Дома городов. Каменные, одноликие. Люди в них хоть и собраны вместе, все равно чужие. И эта разрастающаяся отчужденность пугает. Теперь даже и в деревне люди как-то все больше ютятся в собственном четырехстенном мирке. И самое горькое — уходит с сельской улицы песня. Да что там уходит, можно сказать — ушла. А бывало...

Бывало, едва сойдет с неба солнце и засереют в переулках сумерки, как, слышишь, уже не выдержала чья-то душа, затомилась в песне, пока робкой, одинокой — дрожит, дрожит.

Но вот подоили бабы коров, отвели ужин. И хоть умаялись за день в работе дома и в поле, вышли посумерничать, обменяться простенькими новостишками: у той цыпленок в корыте утонул, у той мальчонка в лесу штаны порвал, у той муж лишку выпил, силу показывал — все новость, во всем — жизнь.
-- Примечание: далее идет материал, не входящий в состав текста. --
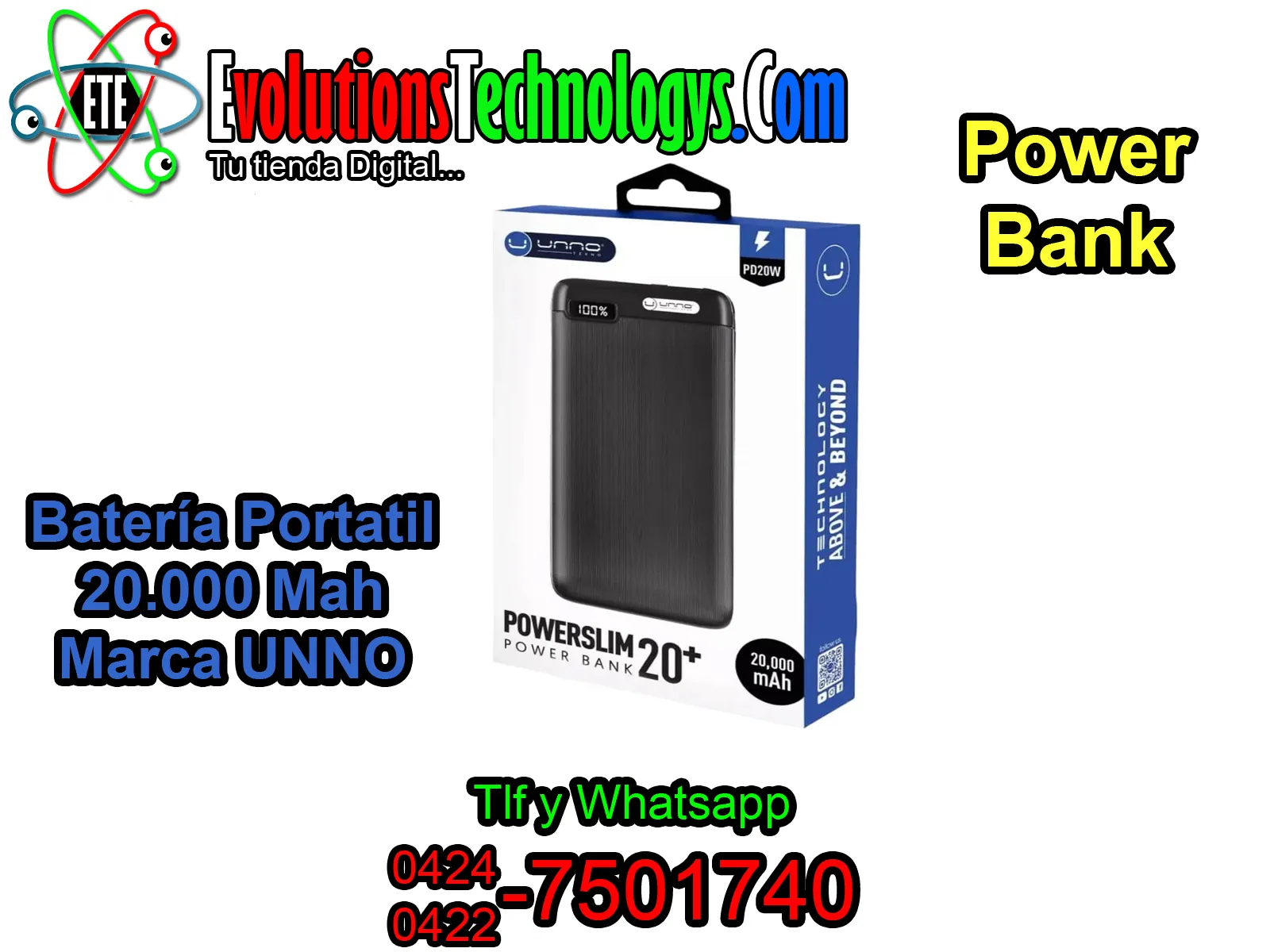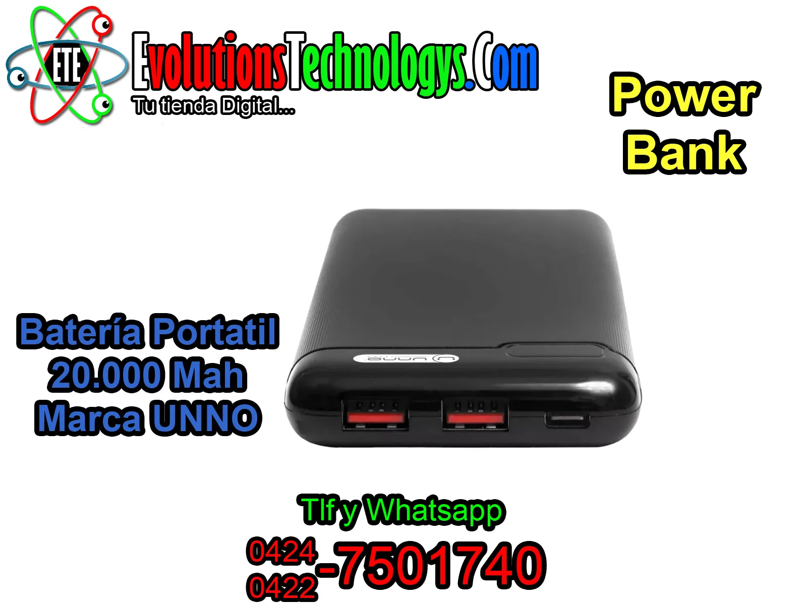 ¡Lleva toda la potencia que necesitas en la palma de tu mano! 🚀 El Power Bank UNNO Tekno de 20.000 mAh es el cargador portátil definitivo para usuarios de smartphones de alta gama y dispositivos exigentes. ⏱️ Con una capacidad masiva, este equipo te permite cargar tu teléfono múltiples veces con una sola carga de la batería, asegurando que nunca te quedes sin energía durante tus viajes, jornadas de trabajo o aventuras. 🔌 Su tecnología de carga rápida inteligente detecta automáticamente los requerimientos de tu equipo para entregar la potencia exacta de forma segura y eficiente. ¡Es la solución perfecta para el estilo de vida digital más intenso! 🔋✨

Сидят, судачат неспешно, а улицы, припорошенные луной, разбухают от песен. Поют у околицы, поют у пруда под кленами, поют где-то у клуба и даже у правления. И песни все такие душевные, одна другой протяжнее — осердеченные песни.

Твои годы ушли, но песня в сердце осталась, и она просится наружу, ей тесно в твоей груди, ей нужна высота, ей нужно небо, и ты, забыв об усталости и что завтра снова вставать до зари, тихо начинаешь:

Потеряла я коле-э-чко-о...

И соседка, сидящая с тобой рядом, качнув головой, подхватывает, ведет дальше:

Потеряла я любовь, я любовь.

Вы обе зажмуриваетесь, чтобы всю боль голоса вложить в рыдальные слова песни, и возносите к звездам:

Наверно, потеряла я любовь.

И слышите, что песня жива не двумя вашими голосами, что ее подхватили, не дают ей умереть ваши подруги, с которыми вы просидели на завалинке вечер и которые в общем-то для того и собрались, чтобы спеть песню, только все сидели и ждали: кто же начнет. Сегодня начала ты, но в прошлые вечера запевали другие, и ты пела вместе со всеми, просто сегодня твое сердце не выдержало первым.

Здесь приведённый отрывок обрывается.